- Talwari Location in Haryana, India
- Coordinates: 29°47′21″N 75°47′32″E﻿ / ﻿29.78914°N 75.79218°E
- Country: India
- State: Haryana
- District: Fatehabad

Government
- • Type: Village Council
- • Body: Gram Panchayat
- Elevation: 232 m (761 ft)

Population (2011)
- • Total: 1,504

Languages
- • Official: Punjabi, Hindi, Bagri
- Time zone: UTC+5:30 (IST)
- PIN: 125133
- Telephone code: +01749
- Vehicle registration: HR 23

= Talwari =

Talwari is a village in Jakhal Tehsil of Fatehabad District of the state of Haryana, India.

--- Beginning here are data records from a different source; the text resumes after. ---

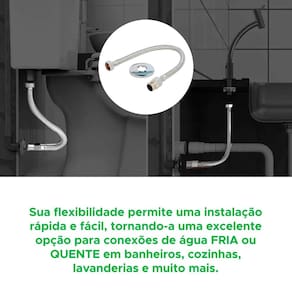 O engate mangueira flexível trançado aço pode ser utilizado em sua residência ou comércio, o engate flexível é um equipamento que não pode faltar na cozinha, banheiro ou lavanderia. Sua utilização é essencial para a ligação entre a rede hidráulica e a torneira, ou até mesmo na caixa acoplada, produzido em aço, possui grande resistência para alta pressão, e por ser flexível, adapta-se a qualquer tipo de instalação com muita facilidade.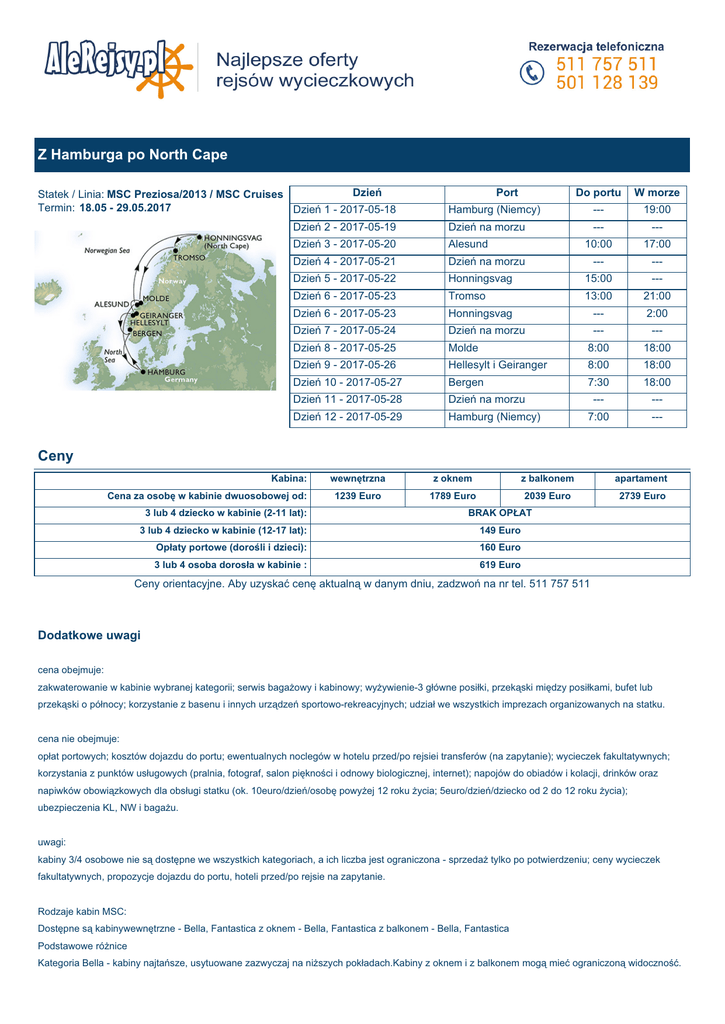 Z Hamburga po North Cape Dzień Statek / Linia: MSC Preziosa/2013 / MSC Cruises Termin: 18.05 - 29.05.2017 Dzień 1 - 2017-05-18 Port Do portu W morze --- 19:00 Hamburg (Niemcy) Dzień 2 - 2017-05-19 Dzień na morzu Dzień 3 - 2017-05-20 Alesund --- --- 10:00 17:00 Dzień 4 - 2017-05-21 Dzień na morzu --- --- Dzień 5 - 2017-05-22 Honningsvag 15:00 --- Dzień 6 - 2017-05-23 Tromso 13:00 21:00 Dzień 6 - 2017-05-23 Honningsvag --- 2:00 Dzień 7 - 2017-05-24 Dzień na morzu --- --- Dzień 8 - 2017-05-25 Molde 8:00 18:00 Dzień 9 - 2017-05-26 Hellesylt i Geiranger 8:00 18:00 Dzień 10 - 2017-05-27 Bergen 7:30 18:00 Dzień 11 - 2017-05-28 Dzień na morzu --- --- Dzień 12 - 2017-05-29 Hamburg (Niemcy) 7:00 --- Ceny Kabina: Cena za osobę w kabinie dwuosobowej od: wewnętrzna z oknem z balkonem apartament 1239 Euro 1789 Euro 2039 Euro 2739 Euro 3 lub 4 dziecko w kabinie (2-11 lat): BRAK OPŁAT 3 lub 4 dziecko w kabinie (12-17 lat): 149 Euro Opłaty portowe (dorośli i dzieci): 160 Euro 3 lub 4 osoba dorosła w kabinie : 619 Euro Ceny orientacyjne. Aby uzyskać cenę aktualną w danym dniu, zadzwoń na nr tel. 511 757 511 Dodatkowe uwagi cena obejmuje: zakwaterowanie w kabinie wybranej kategorii; serwis bagażowy i kabinowy; wyżywienie-3 główne posiłki, przekąski między posiłkami, bufet lub przekąski o północy; korzystanie z basenu i innych urządzeń sportowo-rekreacyjnych; udział we wszystkich imprezach organizowanych na statku. cena nie obejmuje: opłat portowych; kosztów dojazdu do portu; ewentualnych noclegów w hotelu przed/po rejsiei transferów (na zapytanie); wycieczek fakultatywnych; korzystania z punktów usługowych (pralnia, fotograf, salon piękności i odnowy biologicznej, internet); napojów do obiadów i kolacji, drinków oraz napiwków obowiązkowych dla obsługi statku (ok. 10euro/dzień/osobę powyżej 12 roku życia; 5euro/dzień/dziecko od 2 do 12 roku życia); ubezpieczenia KL, NW i bagażu. uwagi: kabiny 3/4 osobowe nie są dostępne we wszystkich kategoriach, a ich liczba jest ograniczona - sprzedaż tylko po potwierdzeniu; ceny wycieczek fakultatywnych, propozycje dojazdu do portu, hoteli przed/po rejsie na zapytanie. Rodzaje kabin MSC: Dostępne są kabinywewnętrzne - Bella, Fantastica z oknem - Bella, Fantastica z balkonem - Bella, Fantastica Podstawowe różnice Kategoria Bella - kabiny najtańsze, usytuowane zazwyczaj na niższych pokładach.Kabiny z oknem i z balkonem mogą mieć ograniczoną widoczność. Możliwość zamówienia do kabiny śniadania za dopłatą. Kategoria Fantastica - kabiny droższe, usytuowane na wyższych pokładach.W cenie- bezpłatne śniadanie do kabiny- 50% zniżki na zajęcia fitness, joga lub treningi na siłowni z indywidualnym trenerem ALL INCLUSIVE (opcja)Warunkiem skorzystania z pakietu all inclusive jest wykupienie pakietu przez wszystkich pasażerów podróżujących w jednej kabinie na czas całego rejsu. ALL INCLUSIVE - ALLEGRISSIMO - 26euro/doba/osoba - napoje w restauracji i barze samoobsługowym: wybrane wina serwowane w kieliszkach (2 białe, 2 czerwone, 1 różowe), woda mineralna, piwo z nalewaka, napoje bezalkoholowe, napoje w barach: wybrane koktajle alkoholowe i bezalkoholowe, napoje bezalkoholowe, aperitifs, wybrane wina serwowane w kieliszkach, wybrane wódki, likiery i bitters, caffeteria (kawa, cappuccino, gorąca czekolada, gorąca herbata), lody na wynos w kubeczku lub wafelku, (niektóre marki drinków są wykluczone z w/w pakietu zgodnie z listą dostępną na pokładzie statku) ALL INCLUSIVE ALLEGRISSIMO CHILD (DLA DZIECI) - 13euro/doba/osoba - napoje w restauracji i barze samoobsługowym: woda mineralna i napoje bezalkoholowe, soki owocowe, woda mineralna, gorące napoje, świeżo wyciskane soki, smoothies, milkshakes, lody na wynos w wafelku lub kubeczku. ALL INCLUSIVE - PREMIUM - 44euro/doba/osoba - napoje w restauracji i barze samoobsługowym: wino serwowane w kieliszkach, woda mineralna, piwo (również w butelkach), napoje bezalkoholowe, napoje w mini barze oraz woda mineralna w kabinie, napoje w barach: wszystkie napoje z Menu w barze (również marki premium) specjalne Menu: wszystkie produkty z Menu "Gelateria", Chocolate bar i Pastry, shop delights, jedzenie z Room Service Menu. PAKIETY NAPOJÓW - można też skorzystać z zakupu napojów w pakietach, można je dowolnie komponować. Przykładowe pakiety napojów wraz z ich orientacyjnymi cenami*:Pakiet wody - 14 butelek wody mineralnej (1 litr) - 27,00 euro,Pakiet napojów bezalkoholowych - 14 napoje w puszkach lub soki 34.00 euro,Pakiet piwa - 14 butelek/puszek piwa - 59,00 euro,Pakiet win - 4 wybrane butelki wina w restauracji głównej - 69,00 euro.*Szczegółowy opis pakietów all inclusive oraz pakietów napojów przedstawiamy klientom na życzenie. MSC Preziosa/2013 MSC Preziosa Rok budowy: 2013 - najnowszy statek linii MSC Tonaż: 139.000 ton Długość: 333 m Szerokość: 38 m Szybkość: 23,7 węzłów Pokłady pasażerskie: 13 Załoga:1370 Pasażerowie: 3.959 Waluta: EURO BARY I RESTAURACJE: Bar przy basenie, lodziarnia, Piano Show Bar, kawiarnia, cukiernia, winiarnia; Preziosa Bar, Phoenician Plaza, Safari Lounge, The Green Sax, Diamond, El Dorado, Il Cappuccino, Saphir Bar, Turquoise Bar. Bufet/kawiarnia samoobsługowa, restauracje główne, pizzeria, restauracja Tex Mex, specjalne restauracje dedykowane gościom Yacht Club; The Golden Lobster, L'Arabesque, La Locanda, Pizzeria Wine Bar, Eataly Restaurant, Ristorante Italia, Maya&Inca, La Palmeraie, Sports and Bowling Diner, Galaxy Lounge. *SPA, ATRAKCJE SPORTOWE: Bieżna, centrum sportowe, solarium, koszykówka, tenis, MSC AUREA SPA oferuje nowoczesne zabiegi, takie jak pakiety lecznicze z błota, zabiegi aromaterapii, masaże i wiele innych. *ROZRYWKA: Biblioteka, Teatr Platinum w którym co wieczór odbywają się interesujące spektakle, widowiska muzyczne oraz taneczne, Dyskoteka, Dyskoteka dla nastolatkówKącik zabaw dla dzieci, Kafejka internetowa, Kino 4D, Kasyno M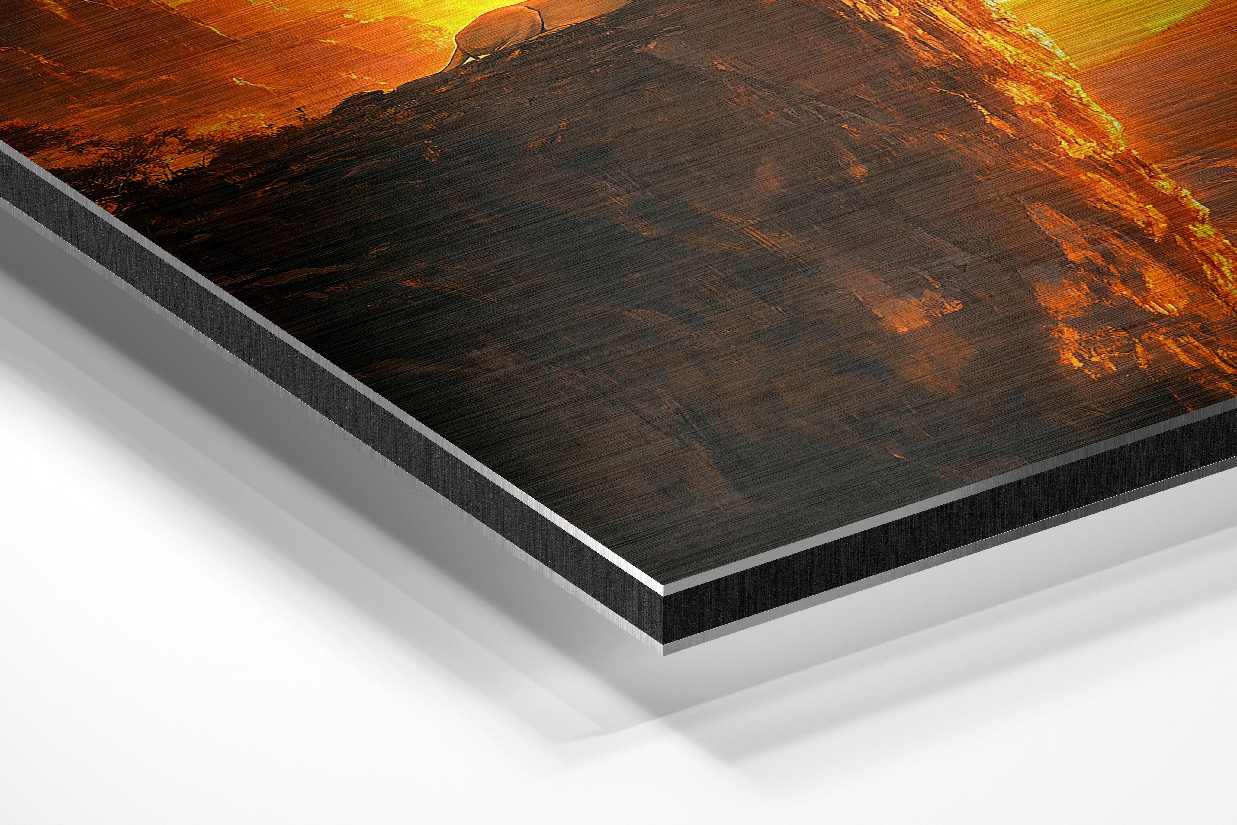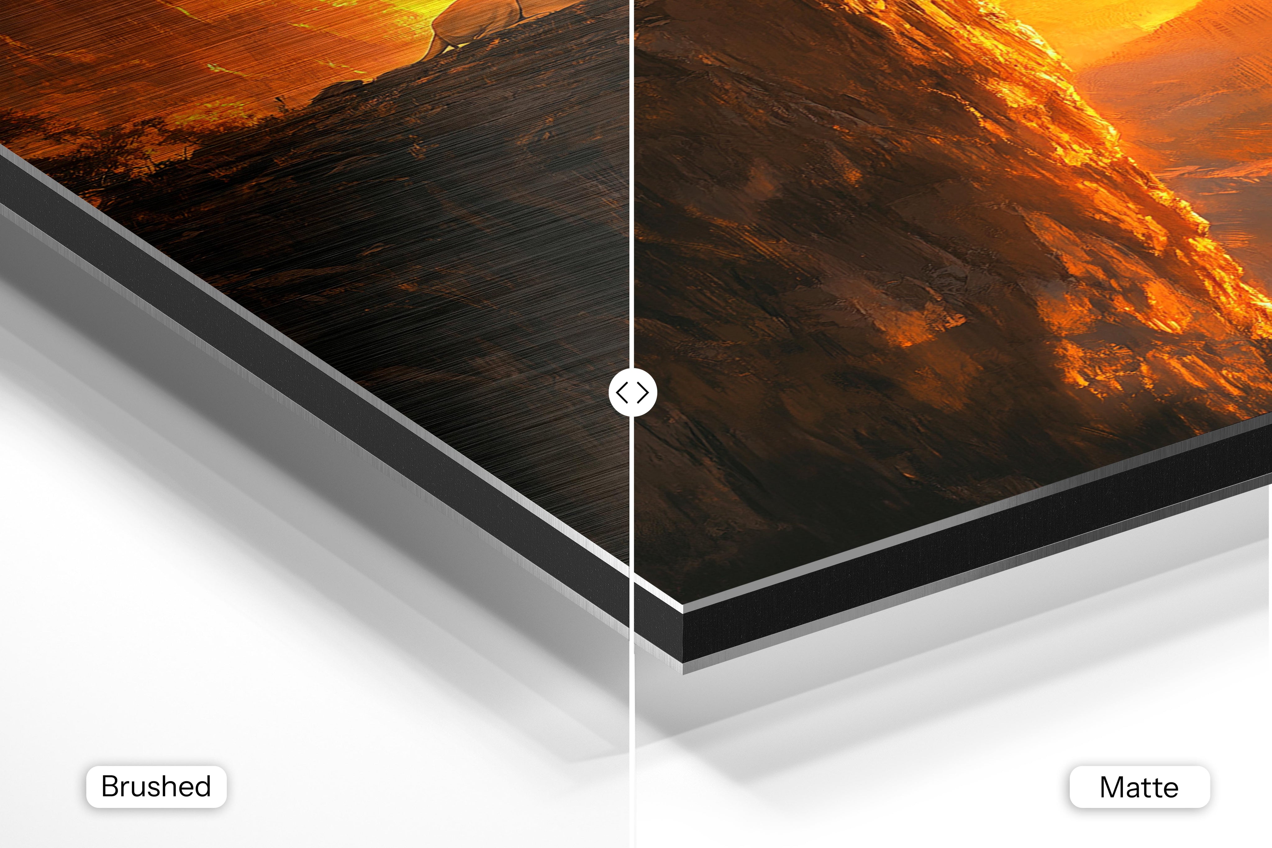- Brushed Aluminum, on the other hand, features a raw metallic texture with visible brush strokes. Whites and highlights in your image let the silver surface show through, adding a dramatic, shimmering effect. Ideal for black-and-white images, minimalist designs, or abstract art, it creates a bold, industrial vibe with a modern edge.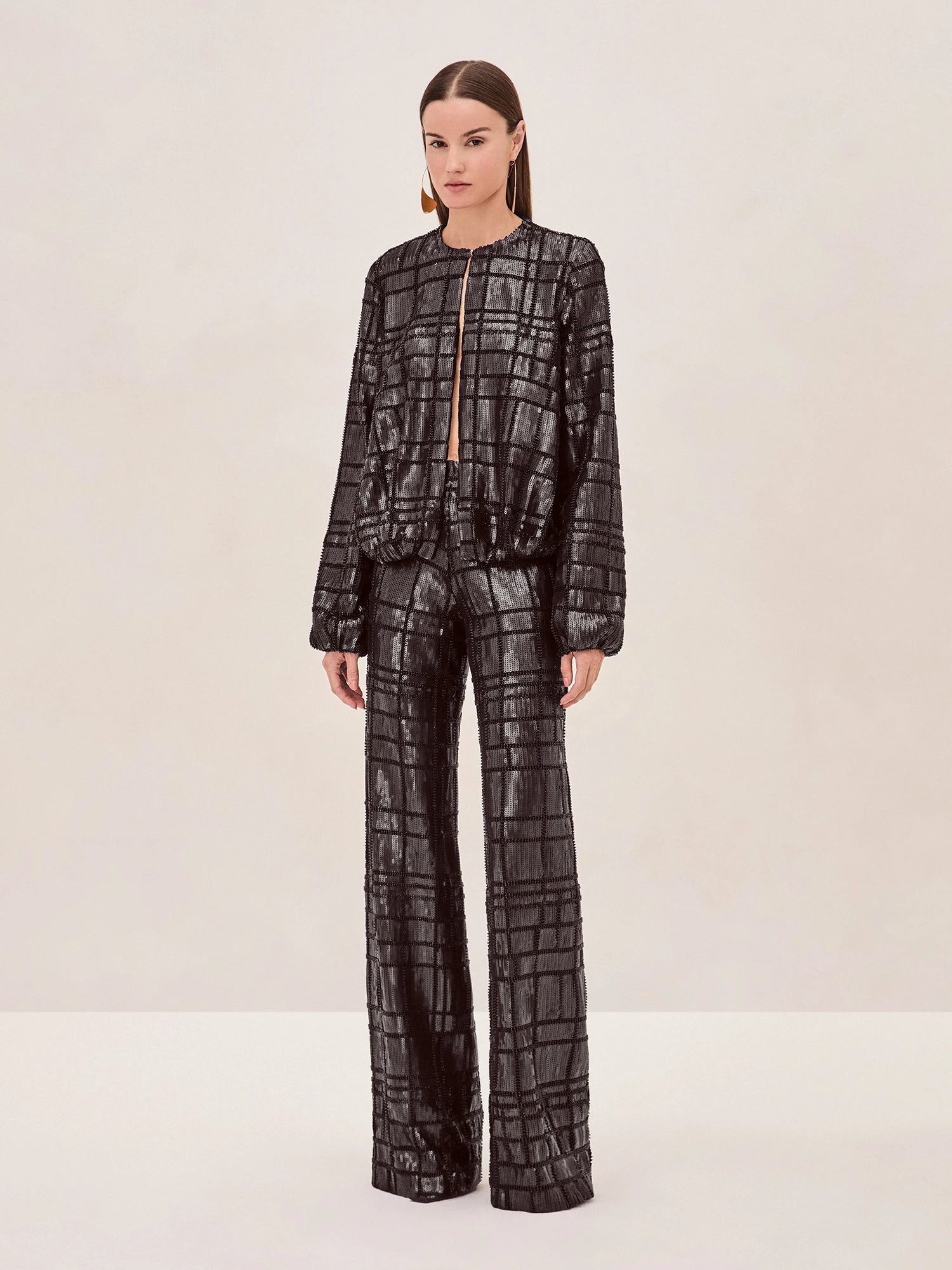Introducing the Reis Sequin Top—a statement in modern luxury and effortless glamour. This top features a relaxed silhouette with a deep neckline and softly draped sleeves, all adorned in shimmering sequins that catch the light with every move. Perfectly designed to pair with the Zano Pant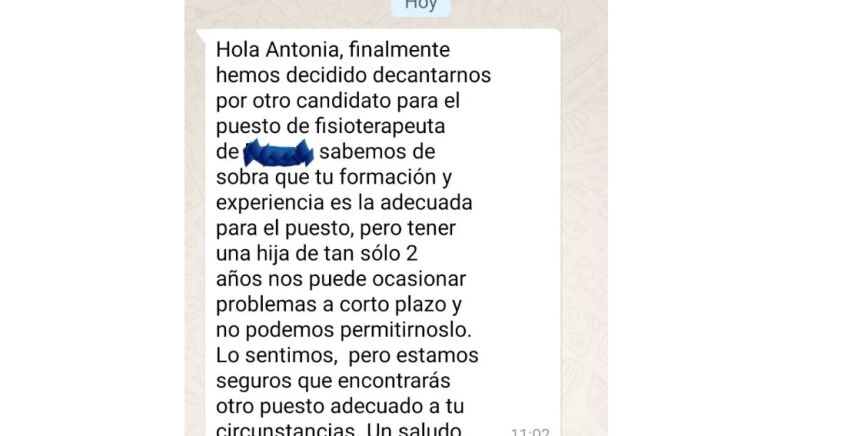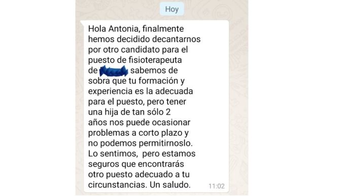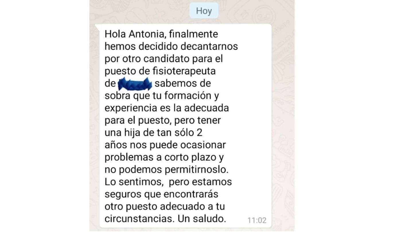 La razón es tan sencilla como injusta: es madre. "Me lo dijeron cuando me quedaban solo seis días para empezar y ni siquiera se dignaron a llamarme. Ya había superado el proceso de selección", afirma Antonia, a quien en el mensaje le decían que se decantaban por otro candidato porque "tener una hija de tan solo dos años puede ocasionar problemas a corto plazo".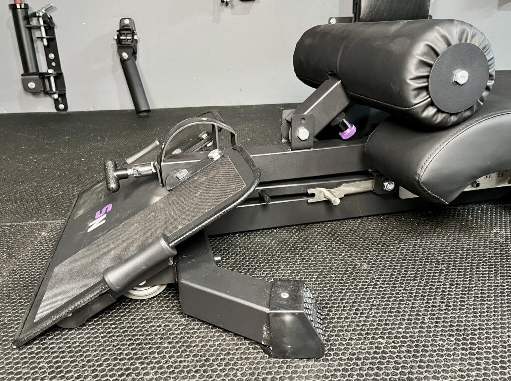 - Footplate: Adjustable so it can be used as a slant board and a platform (no other Nordic curl bench does this)

It belongs to Hisar Division.

The places like Sadhanwas (2 km), Jakhal (3 km), Jakhal Mandi are the nearby to Talwari.
Talwari is surrounded by Tohana Tehsil towards South, Lehragaga Tehsil towards North, Andana Tehsil towards East, Budhlada Tehsil towards west.
Talwari Pin code is 125133 and postal head office is Jakhal Mandi .
This Place is in the border of the Fatehabad District and Sangrur District. Sangrur District is North towards this place . It is near to the Punjab State Border.

==Demographics==

Talwari's total population is 1504 and number of houses is 277. Female population is 48.3%. Village literacy rate is 50.5% and the female literacy rate is 20.7%.